• _Task statement_:
The listing that follows should be copied in full and exactly, with no pictures.

• _Source data_:
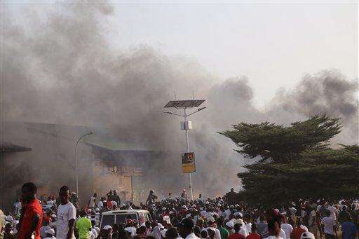 In this photo taken Thursday, Oct. 8, 2015, smoke rises from a local market during a political rally in support of UFDG presidential candidate Cellou Dalein Diallo in the city of Guinea Conakry, Guinea. Political clashes between the opposition and ruling party in Guinea are setting the stage for the countryâs second democratic election in more than half a century. The international community watches the West African country, unable to shake the deadly Ebola virus, with concern that ethnic and political tensions brought to the surface in past elections havenât declined in the past five years. (AP Photo/ Youssouf Bah)
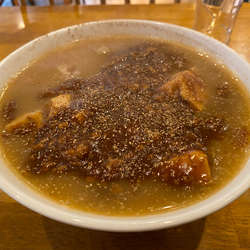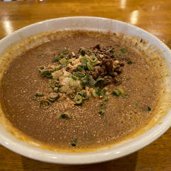 ジンワリとした旨味のスープに花椒の効いた本格的な麻婆豆腐が乗っていて美味。でも飯かな?
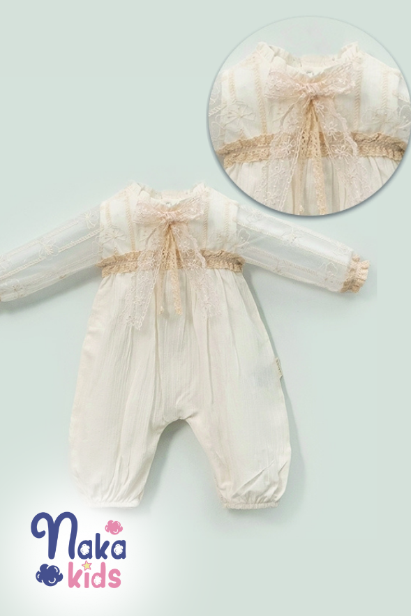 Müslin Tulum: Doğal, nefes alabilen kumaşı ve önündeki dantel fiyonk detayıyla dikkat çeker.
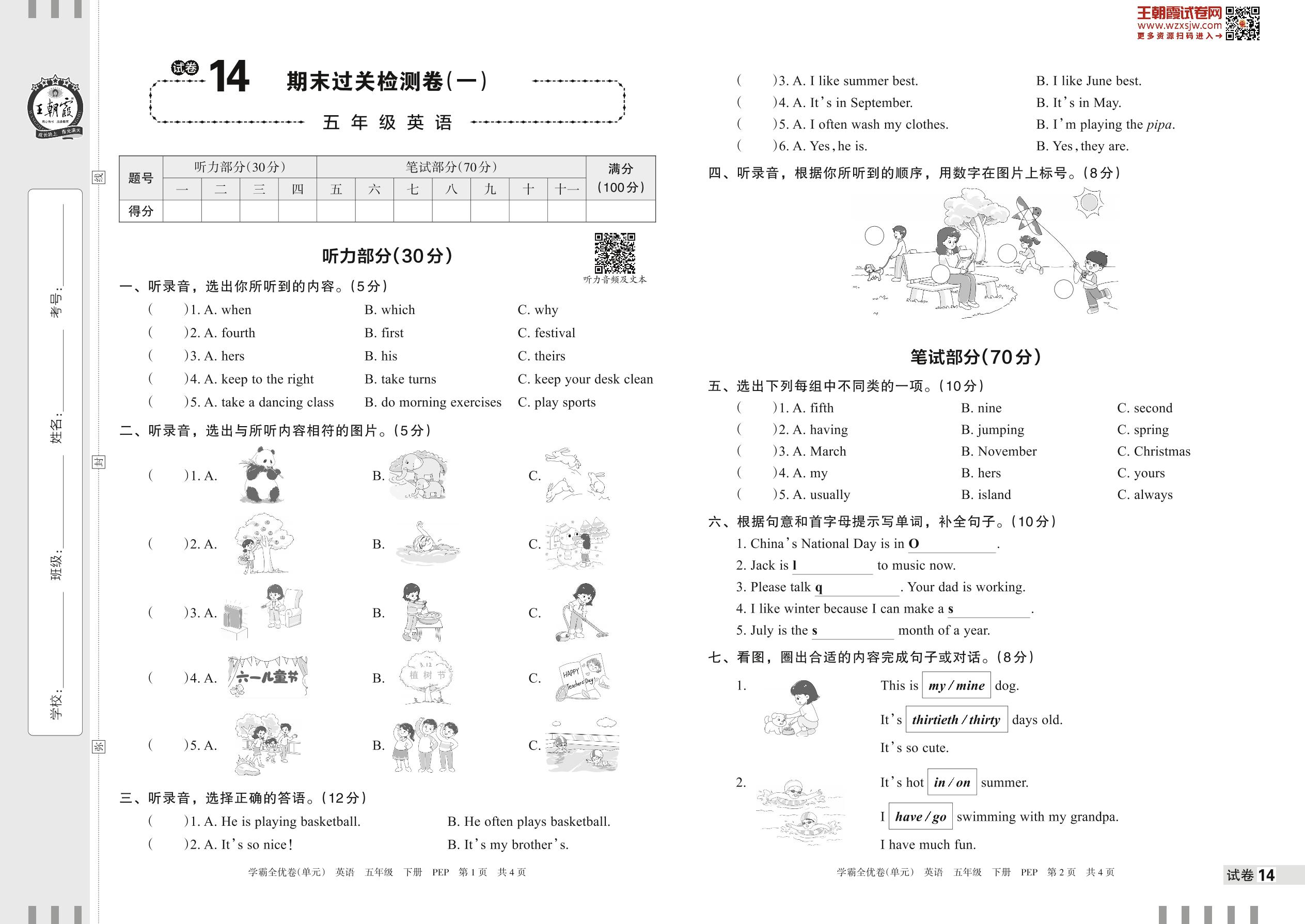 2023下册五年级英语人教PEP版 试卷14 期末过关检测卷(一)

• _Answer below_:
 In this photo taken Thursday, Oct. 8, 2015, smoke rises from a local market during a political rally in support of UFDG presidential candidate Cellou Dalein Diallo in the city of Guinea Conakry, Guinea. Political clashes between the opposition and ruling party in Guinea are setting the stage for the countryâs second democratic election in more than half a century. The international community watches the West African country, unable to shake the deadly Ebola virus, with concern that ethnic and political tensions brought to the surface in past elections havenât declined in the past five years. (AP Photo/ Youssouf Bah)
 ジンワリとした旨味のスープに花椒の効いた本格的な麻婆豆腐が乗っていて美味。でも飯かな?
 Müslin Tulum: Doğal, nefes alabilen kumaşı ve önündeki dantel fiyonk detayıyla dikkat çeker.
 2023下册五年级英语人教PEP版 试卷14 期末过关检测卷(一)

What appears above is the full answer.